Of course, there are always exceptions to the rules. If you are unsure how an estate should be handled when there is no Will, consult an attorney.

Do I Need To Sell My Parents’ Home After They Pass Away To Pay Their Creditors?

The answer to this question varies. If there is a balance on the mortgage, you may have to sell the home to cover this debt. If there are excessive secured debts or taxes due on the estate, it may also be necessary to sell the home. If the value of the home is divided among heirs, it will need to be sold to make the division. On the other hand, if the estate is not in debt and does not have to divide the home, it may just pass to the heir.

Am I Liable For My Spouse’s Debt When They Pass Away?

The type of debt that your spouse had will determine the answer to this question. If the debt is only in your spouse’s name, the estate may be responsible for the debt. However, if your name is also on the debt, you will still need to make payments. There is also a difference between secured and unsecured debts. You are encouraged to work with a lawyer and an accountant to determine the responsibility of the debts.

What Is The Difference Between Probate And Estate Planning?

Probate is the action of distributing an estate after a person has died. Estate planning is the action of taking care of your assets before your death to ensure that it is protected from excessive taxes and is disbursed as you see fit.

Who Has The Authority To Pay The Debts Of The Deceased Out Of Their Assets?

The administrator of the Will is the only authorized person to pay the debts of the deceased.

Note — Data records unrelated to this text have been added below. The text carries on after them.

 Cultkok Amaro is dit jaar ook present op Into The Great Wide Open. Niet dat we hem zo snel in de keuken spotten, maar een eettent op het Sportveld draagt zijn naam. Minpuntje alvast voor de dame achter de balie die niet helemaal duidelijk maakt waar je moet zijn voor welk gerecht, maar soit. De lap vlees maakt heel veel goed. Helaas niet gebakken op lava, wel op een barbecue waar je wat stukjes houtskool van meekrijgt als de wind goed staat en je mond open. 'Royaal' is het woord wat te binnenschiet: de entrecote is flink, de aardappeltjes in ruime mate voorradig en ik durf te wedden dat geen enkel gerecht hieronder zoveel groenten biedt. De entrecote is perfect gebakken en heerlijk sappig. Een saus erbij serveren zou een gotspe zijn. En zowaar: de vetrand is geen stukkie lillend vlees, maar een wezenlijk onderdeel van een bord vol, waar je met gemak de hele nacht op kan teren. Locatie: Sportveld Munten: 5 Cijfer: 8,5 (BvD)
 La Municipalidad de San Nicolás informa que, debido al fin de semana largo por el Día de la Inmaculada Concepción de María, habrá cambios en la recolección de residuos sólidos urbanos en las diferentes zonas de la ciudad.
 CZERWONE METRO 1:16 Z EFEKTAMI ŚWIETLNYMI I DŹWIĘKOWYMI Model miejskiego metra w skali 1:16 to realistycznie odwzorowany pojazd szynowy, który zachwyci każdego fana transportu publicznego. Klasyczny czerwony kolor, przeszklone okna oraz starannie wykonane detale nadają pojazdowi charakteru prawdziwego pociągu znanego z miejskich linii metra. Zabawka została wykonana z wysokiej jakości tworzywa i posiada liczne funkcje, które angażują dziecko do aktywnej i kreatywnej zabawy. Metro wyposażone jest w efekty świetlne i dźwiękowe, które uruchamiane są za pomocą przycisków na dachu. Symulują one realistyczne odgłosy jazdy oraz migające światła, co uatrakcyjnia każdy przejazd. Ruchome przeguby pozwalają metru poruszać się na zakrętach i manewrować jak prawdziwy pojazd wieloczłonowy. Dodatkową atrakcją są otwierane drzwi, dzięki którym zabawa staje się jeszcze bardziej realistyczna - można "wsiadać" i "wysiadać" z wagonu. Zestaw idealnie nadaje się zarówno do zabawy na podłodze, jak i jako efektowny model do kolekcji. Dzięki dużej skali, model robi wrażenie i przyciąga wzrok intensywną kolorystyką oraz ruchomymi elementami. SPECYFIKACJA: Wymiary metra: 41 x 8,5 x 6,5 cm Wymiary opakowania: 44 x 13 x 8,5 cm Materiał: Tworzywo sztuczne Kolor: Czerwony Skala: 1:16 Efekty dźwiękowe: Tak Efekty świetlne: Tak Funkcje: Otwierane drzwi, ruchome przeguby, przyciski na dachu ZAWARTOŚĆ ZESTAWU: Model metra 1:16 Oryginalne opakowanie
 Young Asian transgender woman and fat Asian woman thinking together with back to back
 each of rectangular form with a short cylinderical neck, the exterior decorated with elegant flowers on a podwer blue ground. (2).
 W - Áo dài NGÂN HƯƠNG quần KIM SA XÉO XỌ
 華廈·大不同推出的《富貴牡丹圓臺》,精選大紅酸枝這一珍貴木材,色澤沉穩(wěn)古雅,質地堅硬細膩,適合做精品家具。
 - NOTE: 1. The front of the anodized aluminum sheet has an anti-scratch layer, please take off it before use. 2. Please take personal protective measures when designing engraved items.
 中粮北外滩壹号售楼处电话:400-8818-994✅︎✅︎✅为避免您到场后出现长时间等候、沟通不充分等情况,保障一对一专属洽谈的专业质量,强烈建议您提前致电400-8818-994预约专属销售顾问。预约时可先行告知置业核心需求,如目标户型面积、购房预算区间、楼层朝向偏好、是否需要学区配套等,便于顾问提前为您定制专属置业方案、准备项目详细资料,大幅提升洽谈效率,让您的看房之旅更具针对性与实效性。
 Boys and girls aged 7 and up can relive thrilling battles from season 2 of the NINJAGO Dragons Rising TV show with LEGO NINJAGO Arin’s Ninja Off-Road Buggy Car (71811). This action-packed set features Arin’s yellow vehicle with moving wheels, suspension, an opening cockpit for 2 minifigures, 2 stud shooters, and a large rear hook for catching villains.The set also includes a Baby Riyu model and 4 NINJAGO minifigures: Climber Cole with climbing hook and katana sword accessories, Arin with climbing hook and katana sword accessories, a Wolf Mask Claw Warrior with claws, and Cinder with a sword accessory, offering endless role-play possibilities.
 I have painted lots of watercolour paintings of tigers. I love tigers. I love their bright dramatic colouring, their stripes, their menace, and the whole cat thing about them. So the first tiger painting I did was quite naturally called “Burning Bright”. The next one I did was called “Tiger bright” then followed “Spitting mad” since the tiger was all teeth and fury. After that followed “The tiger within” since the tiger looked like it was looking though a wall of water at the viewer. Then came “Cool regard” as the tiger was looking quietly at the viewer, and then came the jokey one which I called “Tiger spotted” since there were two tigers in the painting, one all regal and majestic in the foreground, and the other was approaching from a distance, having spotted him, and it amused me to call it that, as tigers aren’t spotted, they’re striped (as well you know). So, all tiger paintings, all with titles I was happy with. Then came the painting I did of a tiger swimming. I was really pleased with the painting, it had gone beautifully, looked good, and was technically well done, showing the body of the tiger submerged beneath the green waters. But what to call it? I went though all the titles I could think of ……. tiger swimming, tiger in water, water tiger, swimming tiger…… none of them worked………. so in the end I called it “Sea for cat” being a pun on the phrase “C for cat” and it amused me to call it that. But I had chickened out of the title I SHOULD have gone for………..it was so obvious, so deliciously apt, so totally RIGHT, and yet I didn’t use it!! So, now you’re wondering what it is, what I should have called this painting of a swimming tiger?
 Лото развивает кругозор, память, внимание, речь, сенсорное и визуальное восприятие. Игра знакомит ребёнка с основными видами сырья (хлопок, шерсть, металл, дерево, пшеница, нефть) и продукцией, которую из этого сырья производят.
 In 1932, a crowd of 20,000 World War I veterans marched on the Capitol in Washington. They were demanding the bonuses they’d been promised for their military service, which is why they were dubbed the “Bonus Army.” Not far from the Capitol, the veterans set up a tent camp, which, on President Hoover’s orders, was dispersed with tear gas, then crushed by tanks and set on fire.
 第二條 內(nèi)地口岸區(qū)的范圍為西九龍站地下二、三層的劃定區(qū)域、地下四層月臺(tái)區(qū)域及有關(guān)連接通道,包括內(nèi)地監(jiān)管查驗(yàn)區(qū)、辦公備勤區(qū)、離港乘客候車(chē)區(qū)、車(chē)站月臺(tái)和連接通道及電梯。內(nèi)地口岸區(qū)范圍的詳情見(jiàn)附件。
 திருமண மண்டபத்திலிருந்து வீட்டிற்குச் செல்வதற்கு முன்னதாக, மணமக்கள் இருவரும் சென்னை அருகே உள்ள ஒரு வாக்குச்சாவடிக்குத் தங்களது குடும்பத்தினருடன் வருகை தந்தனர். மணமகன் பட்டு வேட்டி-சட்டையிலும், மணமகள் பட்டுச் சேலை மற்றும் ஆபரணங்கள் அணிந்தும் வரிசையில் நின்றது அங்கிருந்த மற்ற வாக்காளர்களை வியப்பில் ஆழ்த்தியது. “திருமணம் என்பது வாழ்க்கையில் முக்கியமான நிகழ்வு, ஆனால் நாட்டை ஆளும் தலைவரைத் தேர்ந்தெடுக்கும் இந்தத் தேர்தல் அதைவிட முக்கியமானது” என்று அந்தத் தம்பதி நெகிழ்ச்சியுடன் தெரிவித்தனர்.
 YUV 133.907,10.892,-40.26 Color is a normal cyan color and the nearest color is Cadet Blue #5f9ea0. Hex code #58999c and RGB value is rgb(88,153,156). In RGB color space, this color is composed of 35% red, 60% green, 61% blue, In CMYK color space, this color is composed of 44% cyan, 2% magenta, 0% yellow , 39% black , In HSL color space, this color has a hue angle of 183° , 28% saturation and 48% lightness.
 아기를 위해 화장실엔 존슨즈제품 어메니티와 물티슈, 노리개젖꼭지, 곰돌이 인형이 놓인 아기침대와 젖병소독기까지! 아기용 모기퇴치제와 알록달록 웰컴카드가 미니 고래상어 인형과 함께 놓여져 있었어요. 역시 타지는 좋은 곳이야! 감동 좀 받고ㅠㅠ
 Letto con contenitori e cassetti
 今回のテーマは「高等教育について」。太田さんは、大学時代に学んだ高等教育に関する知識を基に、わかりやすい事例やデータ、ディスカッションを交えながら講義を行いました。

Whom May A Debt Collector Speak To About The Debts Of The Deceased?

Debt collectors can only speak with the administrator of the estate about the debts of the deceased person. Many will try to contact the surviving spouse or other family members in an effort to collect the debts. They often try to “shame” these relatives into paying these debts. If this happens, kindly refer them to the estate executor. Never pay a debt from your own money.